Bacon’s 31-minute Piano Trio No.2 (1987) begins with a gloomy, wandering Lento. In Deliberate March Time sounds like an old-fashioned hiking song. The sauntering strings and shimmering piano runs of In an easy walk are briefly interrupted by sudden, stormy dissonances. Gravely expressive is a rumination for cello, marked “as if quietly singing,” over piquant piano chords, followed by Allegro, a syncopated foot-stomper with country fiddling and bar-room piano strides and riffs. Commodo provides a gentle interlude before the final Vivace, ma non presto based on the folksong Green Mountain. It’s really quite a trip!

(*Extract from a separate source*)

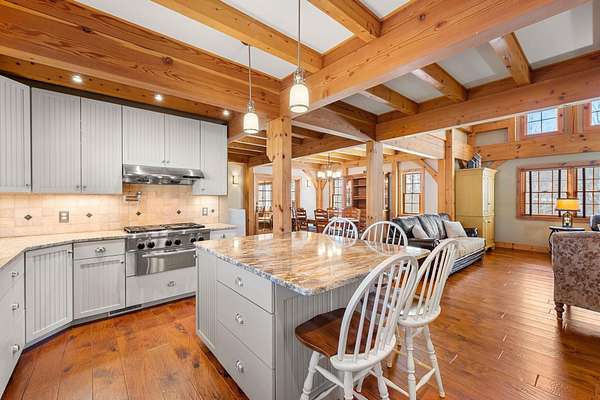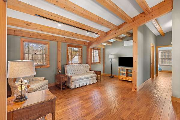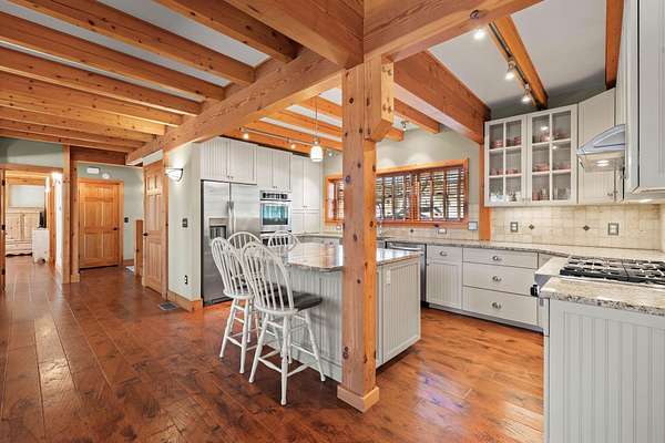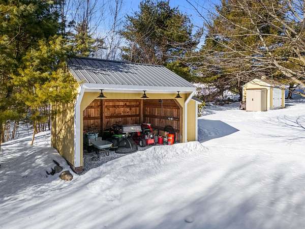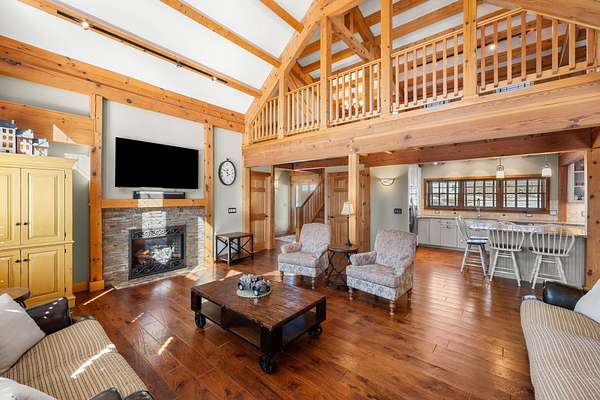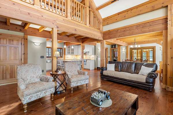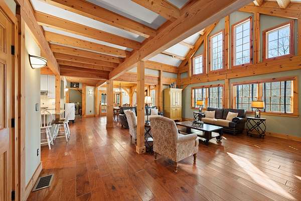 When the quality of construction matters, there is nothing better than a timber frame home. This immaculate 3-bedroom, 3-bathroom home with more than 4200sqft and four-car storage sits perched toward the front of a five-acre lot on a picturesque country road in Deerfield, offering maximum privacy for backyard gatherings. Upon entering, you're welcomed by the warm, caramel tones of the exposed beams that flow throughout and are counterbalanced by the darker chocolate tones of the 7" hickory floor boards, and the sunlight floods this home from the oversized Anderson windows. Inside, you'll find attention to detail in design and function with quality features like custom cabinetry throughout with granite countertops, stainless steel appliances, an expansive first-floor primary suite, a gorgeous sunroom, a first-floor laundry, multiple mini-splits for heating and cooling, central air, a hot tub room, and a pellet stove in the lower-level walkout. The sellers even had the foresight to add extra height to the lower level for future expansion, so whether you'd like an in-home gym, workshop, or even an in-law suite, you're good to go, and it's even been pre-plumbed for a three-quarter bath. These sellers have also gone to great lengths to make the backyard their own oasis, installing an 18' patio with 3' fire pit, a koi pond, raised garden beds, 75 producing blueberry bushes, there's also a shed, a second potting shed, a 3rd clear span shed perfect for driving multiple tractors in and out of, and there's a Kohler 20W whole house generator too. If you're looking for a game room or in-home theater, the 850+sqft space over the garage is ready for all your ideas. For those interested, high school options include Pembroke Academy, Coe-Brown Northwood Academy, and Concord High School. Showings to start during the open house on Saturday, March 7th, from 11am -1pm.

Sowerby’s three-movement, 37-minute Piano Trio (1953) is made of much sterner stuff. Slow and Solemn is granitically ponderous, despite a not-“slow,” not-“solemn” middle section. Quiet and serene paints a misty cityscape with a daydreaming piano and tender violin until the movement’s title is belied by markedly increasing tension and volume. Fast; with broad sweep lives up to its name – it’s a perpetuum mobile of heavily rhythmic melodies culminating in a powerful, final accelerando.

The internationally acclaimed, Chicago-based Lincoln Trio delivers everything these disparate works could ask for, including vivid colours, dramatic expressivity and sensational virtuosity.